Data provided:

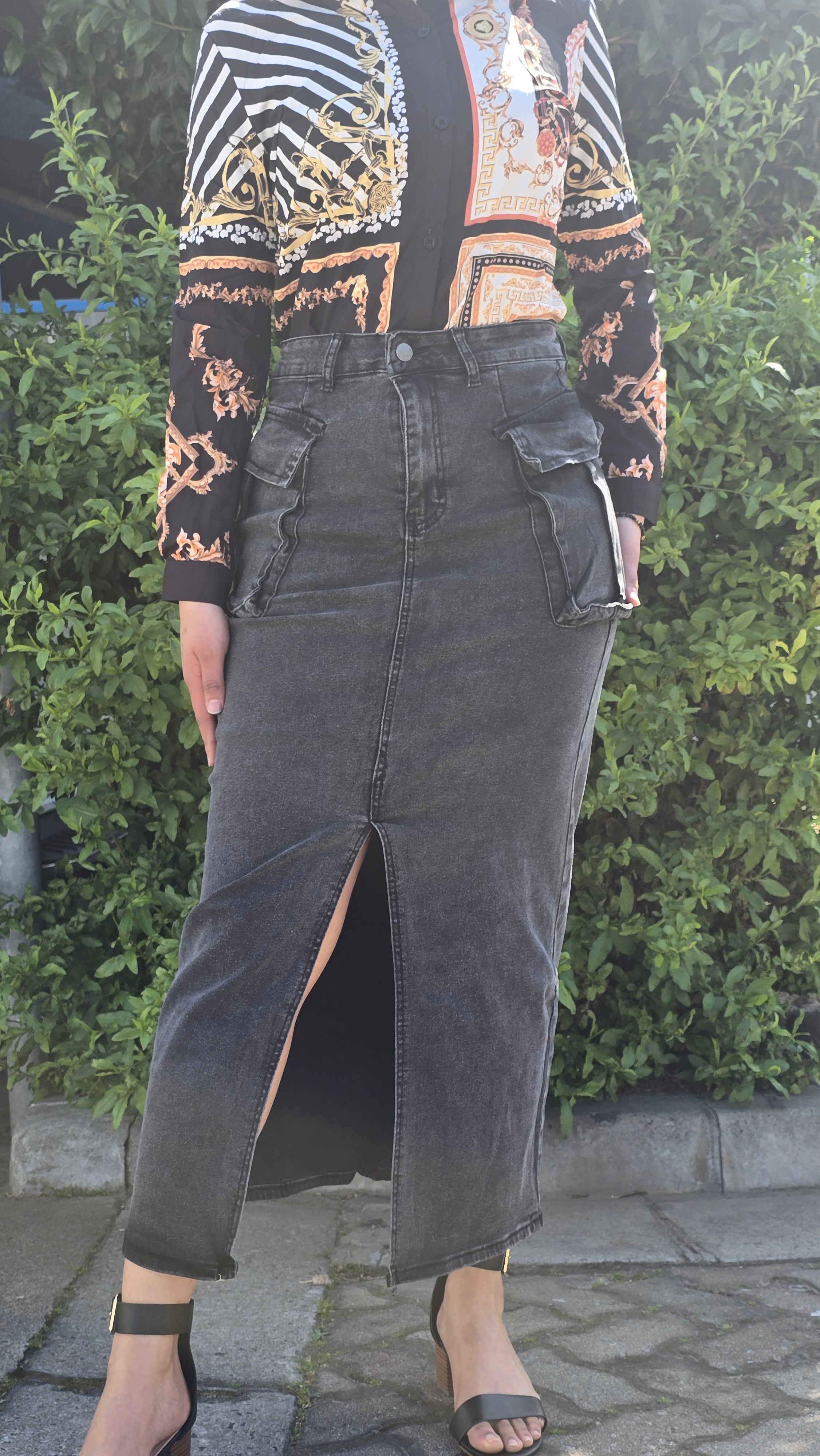 Grey High-Waist Denim Skirt with Cargo Pockets DYQ-349
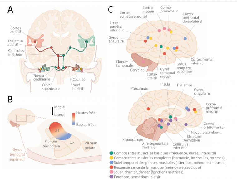 En simplifiant, la partie supérieure du lobe temporal, siège du cortex auditif, permet de traiter les composantes les plus fondamentales de la musique (notes, rythmes, mélodies) tandis que le lobe frontal, et plus particulièrement le cortex frontal inférieur, semble communiquer avec le lobe temporal pour identifier, traiter et percevoir les composantes plus complexes de la musique comme sa syntaxe. La perception de la musique par le cerveau reste cependant mal connue, peut-être en raison de sa structure acoustique complexe et parce que les modèles animaux se prêtent mal à l’étude de cette pure création culturelle humaine.
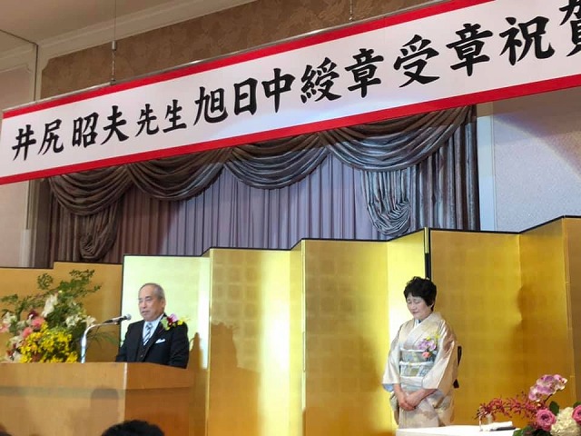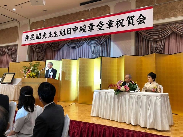 岡山市内のホテルで開催された『井尻昭夫旭日中綬章受章祝賀会』に出席しました。県下の教育、政治、経済界の名士がご出席でした。井尻先生は岡山私学の大先輩であり、先代からお世話になっております。誠におめでたいことでありました。

What you have to do: Since pictures are not part of the copy, set down only the remaining data exactly.

Solution for this task:
 Grey High-Waist Denim Skirt with Cargo Pockets DYQ-349
 En simplifiant, la partie supérieure du lobe temporal, siège du cortex auditif, permet de traiter les composantes les plus fondamentales de la musique (notes, rythmes, mélodies) tandis que le lobe frontal, et plus particulièrement le cortex frontal inférieur, semble communiquer avec le lobe temporal pour identifier, traiter et percevoir les composantes plus complexes de la musique comme sa syntaxe. La perception de la musique par le cerveau reste cependant mal connue, peut-être en raison de sa structure acoustique complexe et parce que les modèles animaux se prêtent mal à l’étude de cette pure création culturelle humaine.
 岡山市内のホテルで開催された『井尻昭夫旭日中綬章受章祝賀会』に出席しました。県下の教育、政治、経済界の名士がご出席でした。井尻先生は岡山私学の大先輩であり、先代からお世話になっております。誠におめでたいことでありました。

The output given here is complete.